# Pets in the shop



## DuckJordan (May 6, 2011)

Once in a while, we have some slow days in electrics and one of our crew brings in his dogs, They are very well behaved and stay out of the way. but they are also a nice little distraction when things get too repetitive and frustrating.

Has anyone ever brought their pet into work with them?

Personally, I would love to bring my cat to work if I didn't think she'd try to get into the old asbestos cords still hanging around in random places. I know that when I am working in the high school space the director has asked be frequently to bring in my dog just to keep some of the students more careful (she has this eye for bad injury causing habits and has on more than one occasion helped me notice things I should have before.


----------



## Sony (May 6, 2011)

I don't have one, but a lot of people at my other job bring their dogs to work, we usually have 3 dogs hanging in the shop on any given day.


----------



## ValleyTheaterKid (May 6, 2011)

At my school, in the Neighborhood we live in there are always dogs that get out of house cuz people could care less about them. An actor of ours always brings them in for the day and then she usually takes them to the vet to see if they are chipped. we often have cans of dog food laying around just for times like this lol. its fun too, puts the techies in a good mood.


----------



## techieman33 (May 6, 2011)

No animals in the theater period. The only 2 exceptions are ADA, and the animal is in the show. If in the show it's comes on stage right before the performance and is gone immediately after.


----------



## Grog12 (May 7, 2011)

techieman33 said:


> No animals in the theater period. The only 2 exceptions are ADA, and the animal is in the show. If in the show it's comes on stage right before the performance and is gone immediately after.

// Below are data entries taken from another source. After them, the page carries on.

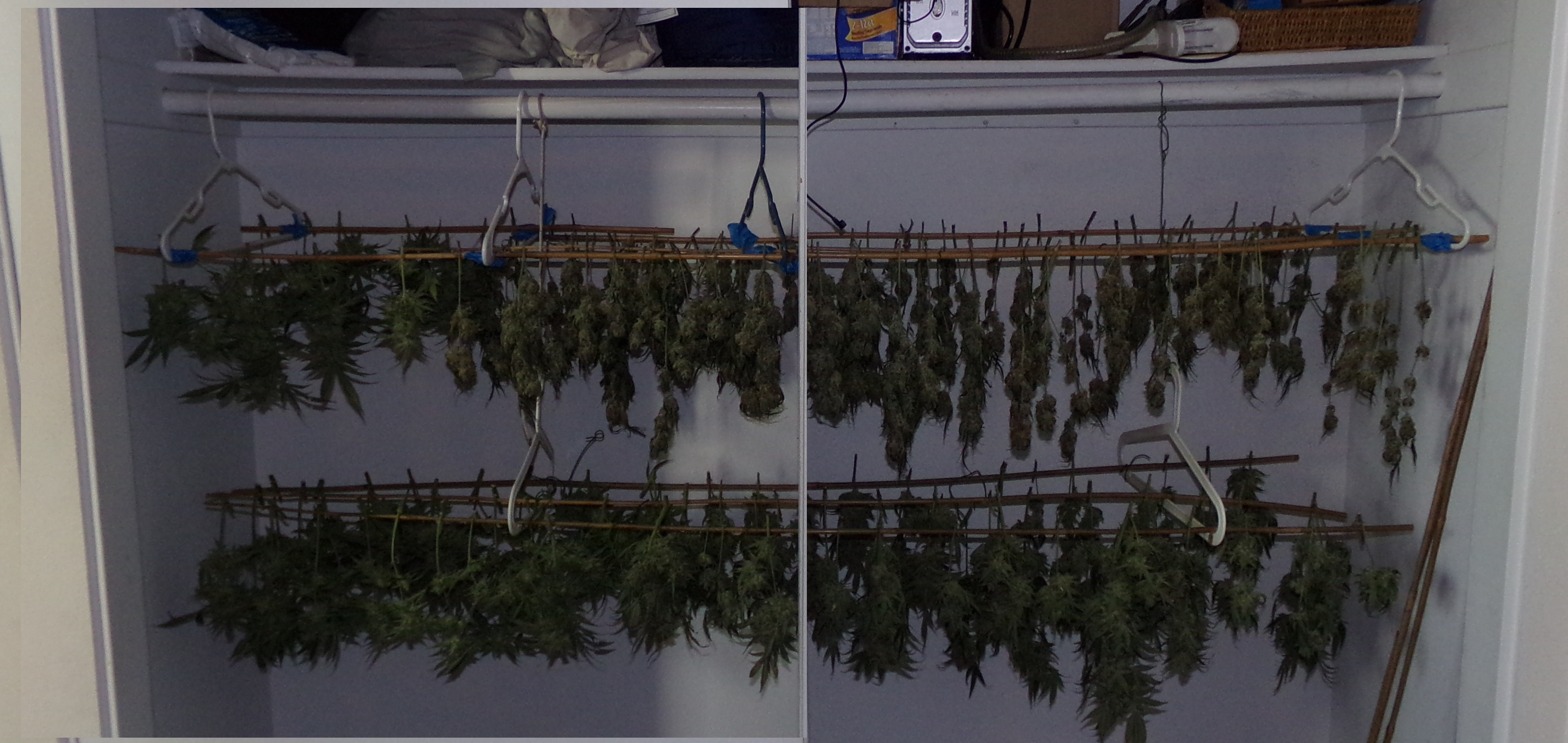 Okay, then. Best I could do to splice pictures to show the 42LF of dope hanging in a 35LF apartment. 6, 6-foot bamboo poles hanging from hangers. If I had trimmed everything all at once, there would be another layer of poles.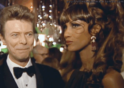 伊曼刚一到场就吸引了所有人的目光,她带着灿烂的笑容和大卫鲍伊对视了一眼,空气中好像有什么爆炸了似的,大卫对她一见钟情。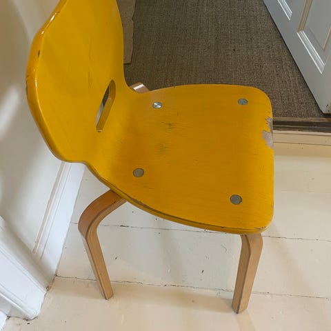 Skøn børne stol fra vintage IKEA designet af Alvar Aalto i fed gul farve. Det mangler et par skruer hist og pist, men når de er sat i fungere stolen/stolene super fint.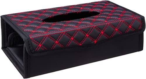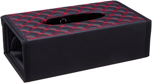 - حافظة علبة مناديل - اللون اسود مع خطوط حمراء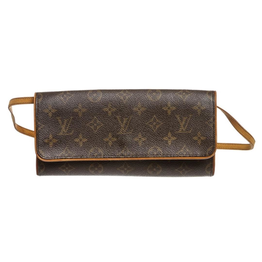 Brown and tan monogram coated canvas Louis Vuitton Pochette Twin GM with brass hardware, tan vachetta leather accents throughout, optional shoulder strap, beige Alcantara lining, single pocket at interior wall and flap with magnetic snap closure at front. Detachable Strap.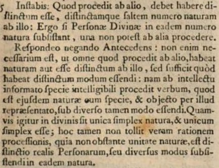 Thus, since the persons are really the same as the divine essence, but not the same notionally or in concept, they're not synonymous terms or concepts. Hence, the formal concepts of paternity and filiation oppose each other, which suffices for a real distinction.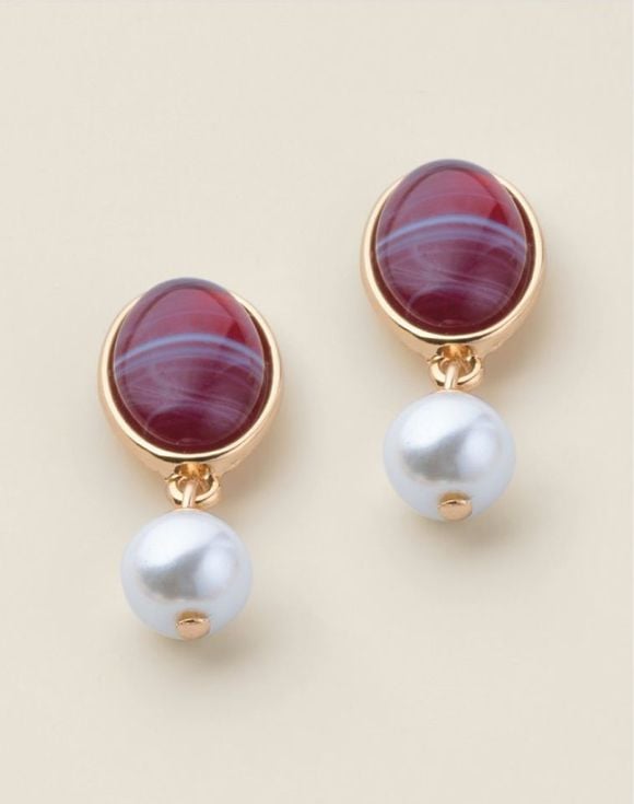 A timeless set that blends rich, earthy tones with graceful sophistication. Warm-colored, gem-like stones are paired with glassy pearl-like accents to create a look that feels both classic and naturally radiant. Set in a polished finish, this coordinating set sparkles with subtle drama and organic beauty to any outfit.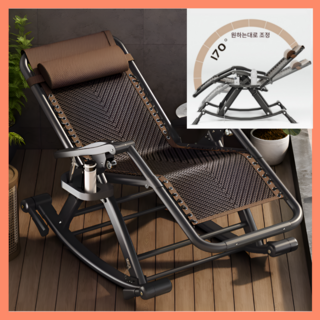 데이오 접이식 라탄 흔들의자 1인용 리클라이너 고정가능 2WAY 철재 침대 거실 실내 야외, 1개, 브라운
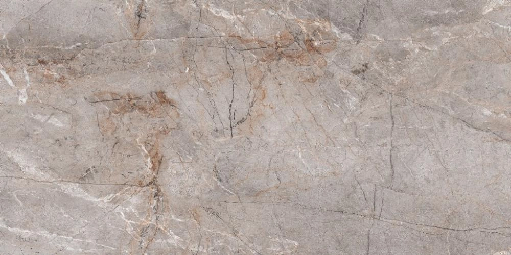 При ближайшем рассмотрении открывается вся глубина рисунка: тонкие белые и темные трещинки переплетаются с более широкими всполохами теплых, медно-коричневых тонов. Эта игра контрастов придает поверхности динамику и неповторимый характер. Матовая поверхность не только подчеркивает естественность текстуры, но и обладает практическими преимуществами: она приятна на ощупь, не создает бликов и менее скользкая, что делает ее безопасным решением для ванных комнат и кухонь.

 **Moved to General Advice because I think a broad range of opinions could come up on this subject**

Personally I tend to agree with techieman33. That being said in this past year I've worked in theatres that allow them, and one that basically had a "house" dog. 

As a general question aimed at those still in the educational world...

What are some of the pro's and con's of allowing animals in your theatre?


----------



## wolf825 (May 7, 2011)

No pets allowed beyond ADA/assist animals....we don't even allow animal acts....a 'shop dog' would be kinda fun at times but usually its not a welcome thing for many. 

FWIW...I recall many years ago one theater locally had a cat for a very brief time....brought in by their theater tech gal who thought it would do great at catching mice and she would do the theater a favor etc....and that 'act of good intention' lasted very briefly until the cat decided to climb the Cyc chasing after a bug or something....claws and all....and from what I am told it ripped and put gaping holes in the cyc in its purrrrsuit of whatever it was chasing. If that had been my house--besides the fact there would never be a cat in my theater--I would have put holes in the cat if that happened... As I last heard--the theater held HER liable for the replacement costs...the cat never came there again...and she quit soon after cause they were garnishing her $$$ for the replacement costs instead of suing her... 

so...animals and the stage...just about as bad as children and the stage.... 

-w


----------



## kiwitechgirl (May 7, 2011)

I used to work in a venue where we had a big black cat called Screwloose - he was a stray who wandered into the yard and got adopted. He was (is still, I just don't work there any more!) a lovely cat - if we were working in the auditorium he'd wander around in there with us, and usually curl up on a seat and go to sleep; if you sat down he'd be on your lap in about ten seconds flat, purring for all he was worth. He got locked in the workshop during shows (although he got good at hiding under the props table, stretched out along the radiator - black cat in a dark space against a black wall - hard to see!) and always put out at night. I'm very much a cat person, and I still miss him! Occasionally two of the guys would bring their dogs in - only ever on maintenance days though - and the set designer/artist always had his Jack Russell with him, more's the pity as it was a horrible little dog!


----------



## ValleyTheaterKid (May 7, 2011)

Yeah i wouldnt want cats in my theater just because most of the time cats are very curious and will do bad things like stated above. dogs are fine with me though.


----------



## derekleffew (May 7, 2011)

Grog12 said:


> ...What are some of the pro's and con's of allowing animals in your theatre?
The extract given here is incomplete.